»»

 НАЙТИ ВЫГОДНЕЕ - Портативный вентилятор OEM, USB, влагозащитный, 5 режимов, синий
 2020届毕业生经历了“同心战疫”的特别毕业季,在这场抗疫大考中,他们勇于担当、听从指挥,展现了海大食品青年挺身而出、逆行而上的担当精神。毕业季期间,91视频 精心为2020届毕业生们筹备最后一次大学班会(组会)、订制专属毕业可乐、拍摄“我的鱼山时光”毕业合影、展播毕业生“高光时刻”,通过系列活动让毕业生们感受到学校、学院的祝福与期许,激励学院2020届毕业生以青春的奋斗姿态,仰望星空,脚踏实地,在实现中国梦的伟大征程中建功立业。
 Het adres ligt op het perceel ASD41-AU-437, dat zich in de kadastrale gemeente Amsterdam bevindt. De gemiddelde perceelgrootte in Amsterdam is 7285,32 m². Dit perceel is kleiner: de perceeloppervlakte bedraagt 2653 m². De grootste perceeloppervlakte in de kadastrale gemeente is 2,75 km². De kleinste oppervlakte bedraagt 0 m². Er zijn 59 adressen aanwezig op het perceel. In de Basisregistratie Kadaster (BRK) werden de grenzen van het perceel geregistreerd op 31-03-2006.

««
»»

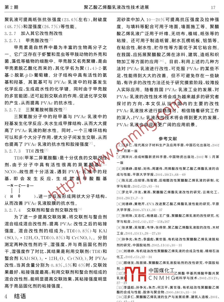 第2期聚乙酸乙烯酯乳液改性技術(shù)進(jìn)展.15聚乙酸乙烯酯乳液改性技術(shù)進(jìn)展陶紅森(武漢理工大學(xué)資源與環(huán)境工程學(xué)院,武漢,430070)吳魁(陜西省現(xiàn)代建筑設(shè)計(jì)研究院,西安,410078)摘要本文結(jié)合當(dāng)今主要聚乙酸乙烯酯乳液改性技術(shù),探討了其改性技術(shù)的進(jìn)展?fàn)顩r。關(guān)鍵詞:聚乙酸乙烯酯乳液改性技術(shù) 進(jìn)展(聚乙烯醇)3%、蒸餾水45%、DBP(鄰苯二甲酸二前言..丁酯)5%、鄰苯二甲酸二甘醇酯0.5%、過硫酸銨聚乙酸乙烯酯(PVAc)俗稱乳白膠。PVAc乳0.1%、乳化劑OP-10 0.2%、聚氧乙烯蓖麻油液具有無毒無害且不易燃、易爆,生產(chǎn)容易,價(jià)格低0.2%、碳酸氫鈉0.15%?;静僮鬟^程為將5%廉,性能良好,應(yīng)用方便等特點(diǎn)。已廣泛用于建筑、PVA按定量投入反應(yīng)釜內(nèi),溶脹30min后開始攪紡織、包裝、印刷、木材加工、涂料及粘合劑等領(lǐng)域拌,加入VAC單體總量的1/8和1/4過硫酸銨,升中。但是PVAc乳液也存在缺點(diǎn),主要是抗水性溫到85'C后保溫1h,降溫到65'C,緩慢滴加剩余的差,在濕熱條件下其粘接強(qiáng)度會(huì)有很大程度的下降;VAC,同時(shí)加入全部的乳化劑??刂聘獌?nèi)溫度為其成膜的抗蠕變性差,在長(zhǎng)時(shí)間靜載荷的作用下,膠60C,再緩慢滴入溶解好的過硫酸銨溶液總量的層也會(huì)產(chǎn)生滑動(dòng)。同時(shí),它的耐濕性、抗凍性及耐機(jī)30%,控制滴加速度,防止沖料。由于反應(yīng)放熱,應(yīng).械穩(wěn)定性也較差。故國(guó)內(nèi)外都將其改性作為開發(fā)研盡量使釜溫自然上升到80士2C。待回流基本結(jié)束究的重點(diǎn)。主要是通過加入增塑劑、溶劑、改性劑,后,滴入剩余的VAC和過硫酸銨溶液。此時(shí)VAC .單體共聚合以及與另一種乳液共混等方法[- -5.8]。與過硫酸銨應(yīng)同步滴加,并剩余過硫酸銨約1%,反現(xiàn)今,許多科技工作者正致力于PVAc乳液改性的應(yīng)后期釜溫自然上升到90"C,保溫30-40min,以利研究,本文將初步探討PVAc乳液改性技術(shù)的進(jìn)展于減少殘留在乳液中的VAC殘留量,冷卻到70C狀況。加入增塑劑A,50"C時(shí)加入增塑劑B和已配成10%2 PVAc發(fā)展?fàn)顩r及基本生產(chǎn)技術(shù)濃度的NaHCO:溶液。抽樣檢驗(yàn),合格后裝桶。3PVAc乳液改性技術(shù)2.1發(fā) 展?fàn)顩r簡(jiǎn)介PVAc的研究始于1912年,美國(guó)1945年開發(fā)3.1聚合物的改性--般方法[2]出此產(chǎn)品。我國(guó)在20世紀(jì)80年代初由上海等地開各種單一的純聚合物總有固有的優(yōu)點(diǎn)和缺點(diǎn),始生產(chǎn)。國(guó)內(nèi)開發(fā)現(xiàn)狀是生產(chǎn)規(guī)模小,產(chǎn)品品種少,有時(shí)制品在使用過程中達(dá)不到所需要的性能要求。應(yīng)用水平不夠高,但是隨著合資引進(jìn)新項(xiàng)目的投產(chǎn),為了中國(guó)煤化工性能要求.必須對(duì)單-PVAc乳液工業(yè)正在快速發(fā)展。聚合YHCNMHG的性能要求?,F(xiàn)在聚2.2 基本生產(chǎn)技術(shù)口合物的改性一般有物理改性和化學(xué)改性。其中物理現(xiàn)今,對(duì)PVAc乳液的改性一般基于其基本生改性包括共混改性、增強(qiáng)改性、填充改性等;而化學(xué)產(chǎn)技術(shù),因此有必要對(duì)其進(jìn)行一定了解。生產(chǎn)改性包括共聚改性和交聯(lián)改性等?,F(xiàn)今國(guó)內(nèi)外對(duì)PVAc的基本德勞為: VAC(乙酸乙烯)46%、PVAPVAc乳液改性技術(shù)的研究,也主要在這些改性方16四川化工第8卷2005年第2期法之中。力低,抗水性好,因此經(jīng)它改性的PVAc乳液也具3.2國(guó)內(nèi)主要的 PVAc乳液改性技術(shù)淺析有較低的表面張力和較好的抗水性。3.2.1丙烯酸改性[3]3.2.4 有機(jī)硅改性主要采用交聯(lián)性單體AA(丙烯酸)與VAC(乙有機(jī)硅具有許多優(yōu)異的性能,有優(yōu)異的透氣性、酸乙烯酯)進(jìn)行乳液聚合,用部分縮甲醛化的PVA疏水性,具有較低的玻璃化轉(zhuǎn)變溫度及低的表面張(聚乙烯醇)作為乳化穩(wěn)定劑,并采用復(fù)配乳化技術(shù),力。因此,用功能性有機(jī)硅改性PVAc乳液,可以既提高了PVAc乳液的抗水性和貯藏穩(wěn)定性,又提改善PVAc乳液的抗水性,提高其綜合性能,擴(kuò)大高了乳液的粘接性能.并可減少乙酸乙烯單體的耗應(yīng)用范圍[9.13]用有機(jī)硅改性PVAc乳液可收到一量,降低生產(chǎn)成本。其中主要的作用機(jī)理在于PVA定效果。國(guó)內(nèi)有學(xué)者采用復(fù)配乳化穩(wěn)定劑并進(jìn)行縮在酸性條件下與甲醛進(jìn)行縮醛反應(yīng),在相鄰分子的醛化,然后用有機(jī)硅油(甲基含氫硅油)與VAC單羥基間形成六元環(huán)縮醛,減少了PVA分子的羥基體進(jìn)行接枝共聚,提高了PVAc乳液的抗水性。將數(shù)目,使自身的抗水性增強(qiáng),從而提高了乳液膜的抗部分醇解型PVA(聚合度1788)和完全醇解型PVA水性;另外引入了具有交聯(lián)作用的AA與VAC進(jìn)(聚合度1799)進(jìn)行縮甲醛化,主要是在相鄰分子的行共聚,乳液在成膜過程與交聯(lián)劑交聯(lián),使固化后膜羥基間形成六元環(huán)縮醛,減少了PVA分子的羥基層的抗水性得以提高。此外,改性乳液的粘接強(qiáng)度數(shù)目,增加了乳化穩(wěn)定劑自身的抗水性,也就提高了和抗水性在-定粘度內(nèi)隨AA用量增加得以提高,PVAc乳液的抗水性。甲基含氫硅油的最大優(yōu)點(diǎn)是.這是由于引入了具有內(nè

««

*About this task*. Set down, from the entries above, exactly the lines from the one with "НАЙТИ ВЫГОДНЕЕ - Портативный" up to and including the one with "Het adres ligt", and no other lines.

*Task result*.
 НАЙТИ ВЫГОДНЕЕ - Портативный вентилятор OEM, USB, влагозащитный, 5 режимов, синий
 2020届毕业生经历了“同心战疫”的特别毕业季,在这场抗疫大考中,他们勇于担当、听从指挥,展现了海大食品青年挺身而出、逆行而上的担当精神。毕业季期间,91视频 精心为2020届毕业生们筹备最后一次大学班会(组会)、订制专属毕业可乐、拍摄“我的鱼山时光”毕业合影、展播毕业生“高光时刻”,通过系列活动让毕业生们感受到学校、学院的祝福与期许,激励学院2020届毕业生以青春的奋斗姿态,仰望星空,脚踏实地,在实现中国梦的伟大征程中建功立业。
 Het adres ligt op het perceel ASD41-AU-437, dat zich in de kadastrale gemeente Amsterdam bevindt. De gemiddelde perceelgrootte in Amsterdam is 7285,32 m². Dit perceel is kleiner: de perceeloppervlakte bedraagt 2653 m². De grootste perceeloppervlakte in de kadastrale gemeente is 2,75 km². De kleinste oppervlakte bedraagt 0 m². Er zijn 59 adressen aanwezig op het perceel. In de Basisregistratie Kadaster (BRK) werden de grenzen van het perceel geregistreerd op 31-03-2006.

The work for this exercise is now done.